Here’s the implementation of Map.

// Map applies the given function to each string in the slice
func Map(vs []string, f func(string) string) []string {
    vsm := make([]string, len(vs))
    for i, v := range vs {
        vsm[i] = f(v)
    }
    return vsm
}

And here’s set.

// set removes duplicates from a slice of strings
func set(strings []string) []string {
    set := make(map[string]bool)
    for _, s := range strings {
        set[s] = true
    }
    result := make([]string, 0)
    for k := range set {
        result = append(result, k)
    }
    return result
}

Lots of code, right? Especially when compared to Clojure. However, as I said, this way is not idiomatic and I could have looped over the slice instead of creating the Map function. But removing duplicates is about as short as it can get without becoming unreadable.

This doesn’t make Go worse. There are tradeoffs that you can almost feel. Go feels fast in certain areas, like compilation and running the program, and part of the reason for that is also why you also have to write more code by hand. On my machine, there is a noticeable pause before I get the answer from the Clojure spell checker.

$ time lein run wrongg
Did you mean wrong ?

real    0m5.286s
user    0m6.384s
sys     0m0.383s

Compare this with Go. Here I don’t even compile beforehand, and it’s already over five times faster.

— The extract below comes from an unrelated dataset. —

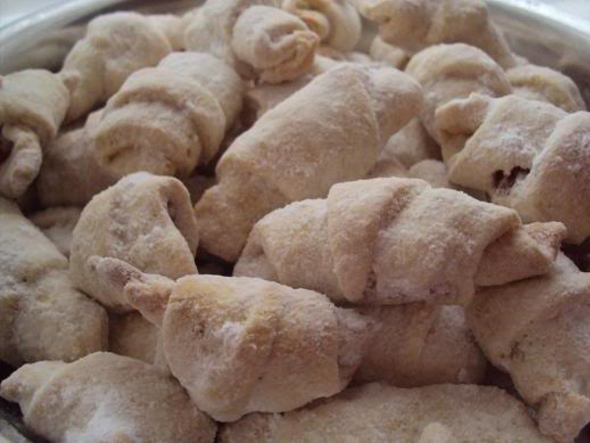 Cornulete fragede (cu untura) a la lia PrecedentulUrmătorul AlteleFoarte ușor35 min Trimite unui prieten Printează pagina Adresează o întrebare autorului Postează o poză cu rețeta gătită de tine Din ingredientele de mai jos au rezultat 60 de cornulete de vreo 6-7 cm Ingrediente 4 200 g untura moale dar nu lichida 550 g faina 2 pliculete praf de copt un galbenus 3-4 linguri smantana grasa sare cat iei in trei degete coaja rasa de la o lamaie putina apa (numai daca este nevoie) 150g rahat taiat bastonase 200 g zahar pudra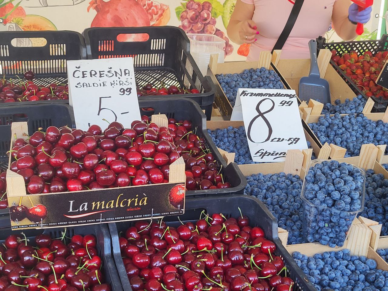 Для тех же, кто хочет чего-то послаще на рынке можно купить черешню из солнечной Венгрии за 4-6 евро килограмм. И даже чернику со знойных испанских плантаций, но и цена за такую экзотику в начале лета довольно кусачая: 6-9 евро за кг.

$ time go run main.go wrongg
Did you mean wrong?

real    0m0.743s
user    0m0.830s
sys     0m0.075s

Here is how long it takes if I run the compiled binary.

$ time ./spella wrongg
Did you mean wrong?

real    0m0.489s
user    0m0.585s
sys     0m0.017s

I ran each one several times and the timings were roughly the same.

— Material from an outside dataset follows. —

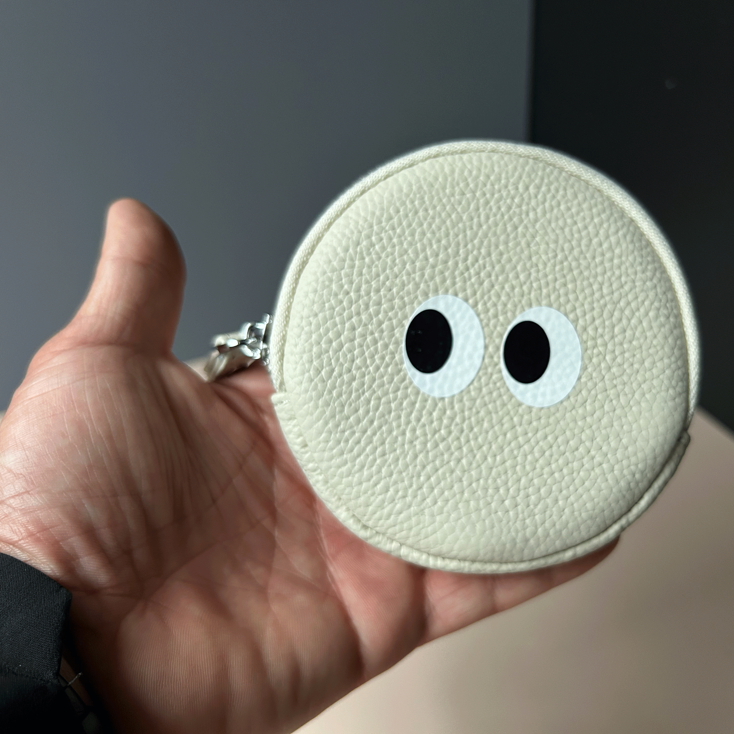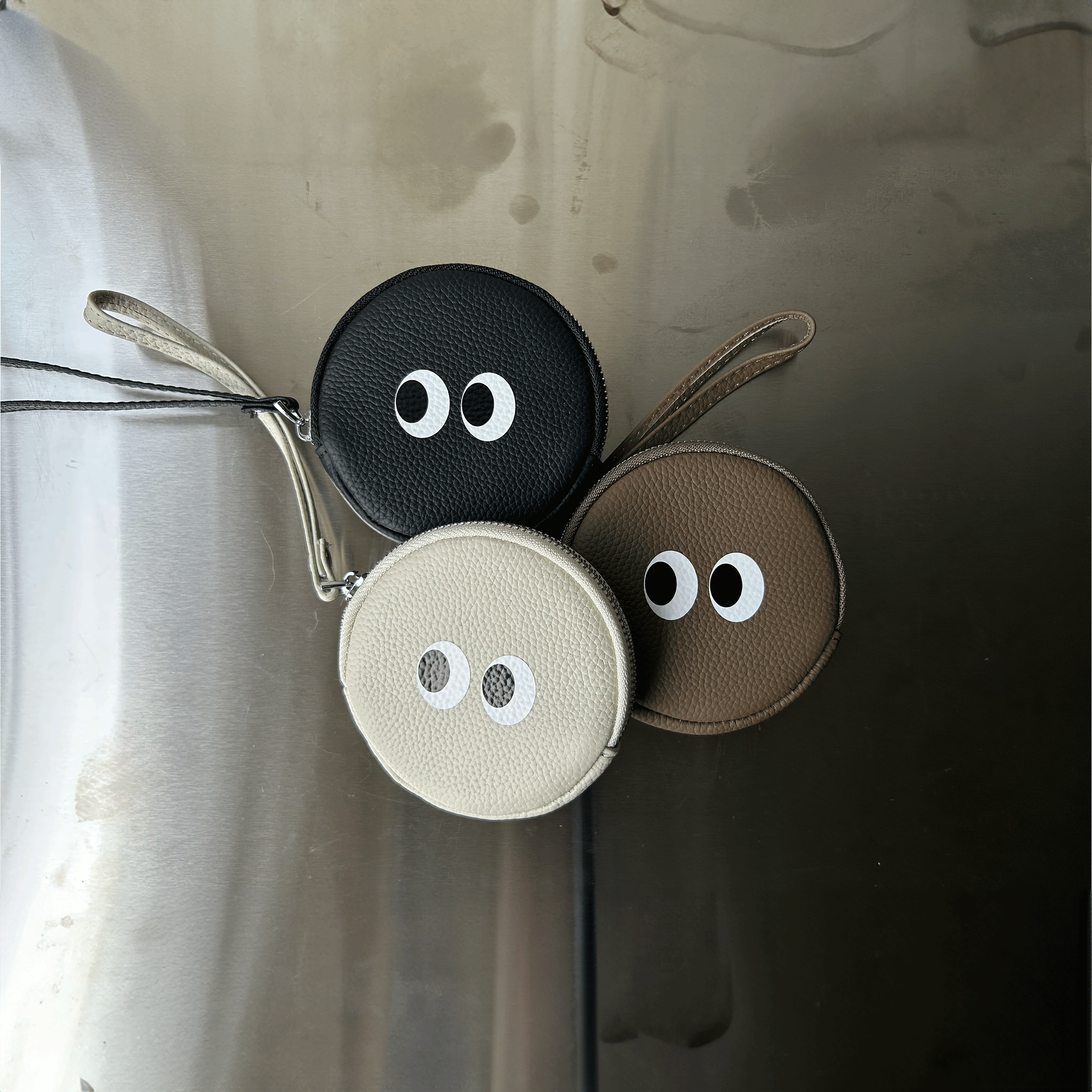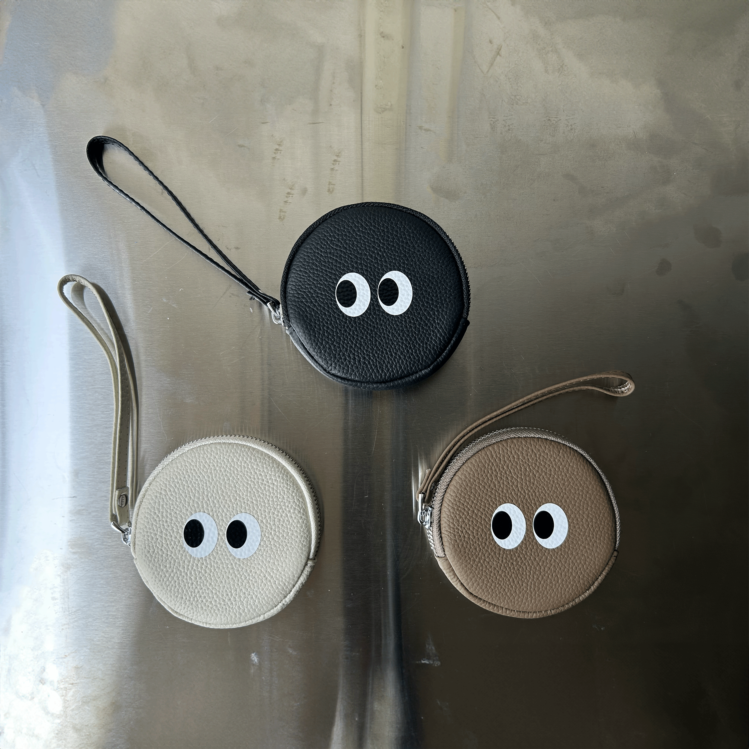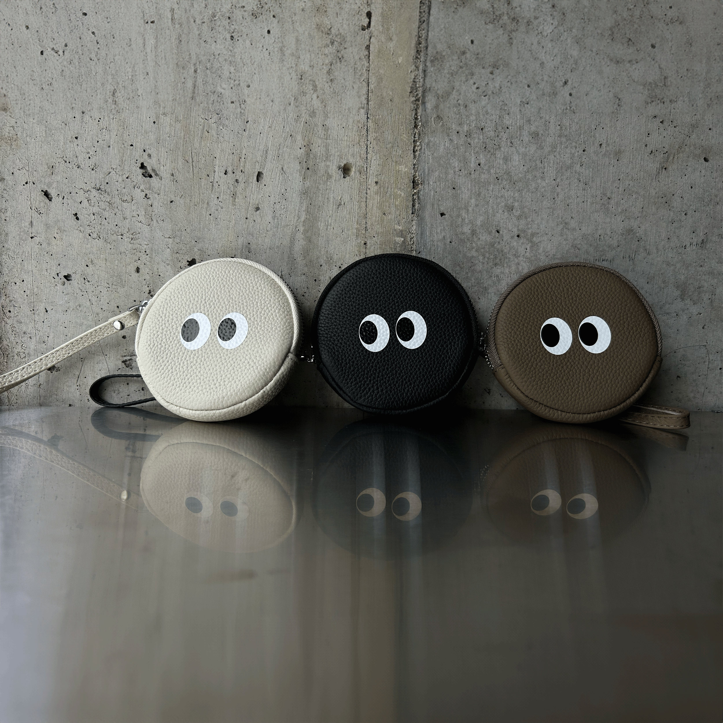目のデザインがさりげないユーモアを添えつつ、ブラウン、ブラック、ホワイトの色展開でどんなスタイルにも合わせやすい。

While writing the Go version, many times the compiler caught syntax and type errors, which was helpful in terms of productivity.

It was also nice not to worry about formatting or the ordering of imports in Go because at the end, I ran go fmt to clean up the code.

I started writing the Go version and then stopped for a week. When I came back to it, it was helpful to have the types. I could glance at a function signature and know what what it does and what it returns. Contrast that to the snippet

(defn distance
  [word1 word2]
  (StringUtils/getLevenshteinDistance word1 word2))

which, although I can infer that it returns an integer, I have to think about it for a second. If I’m calling a rather obscure method, I might have to go to its documentation. The types in the function signatures in Go are not just for type checking, they are also a form of documentation.

In my experience, static typing really does help catch errors earlier. Many times while working in large JavaScript projects, I accidentally used a string as a number at some point, and the error didn’t surface until much later, because it would work…until it didn’t.

Here I try to return an int in Go where I intend to return a string, and the code doesn’t compile.

./main.go:71:9: cannot use 5 (type untyped int) as type string in return argument

It feels so much better to catch this error here, and not in production where customers are using it and are potentially affected by any bugs it may cause.

Clojure has the advantage of being concise, being easy to read once you understand the syntax, and offering escape hatches to Java. For something small like this spell checker, it’s perfect because you can get it done in 27 lines, 5 of which are blank lines. It’s really not that much code, which indicates that Clojure may be at a good level of abstraction for a problem like this.

Go took 77 lines to accomplish the same, and half my time was spent writing boilerplate. However, without paying any attention to optimizing the performance of either program, the Go version ended up being over five times faster.

Making small sample projects like this one when deciding between new programming languages, frameworks, or other tools doesn’t take much time but provides a lot of value. Every step I took in writing the programs resulted in a lot of observations, many of which didn’t make it into this post. These observations might be a good representation of the general benefits or drawbacks you’ll encounter using the particular technology on a larger scale, or at you’ll have an idea of what your team will be facing on a daily basis.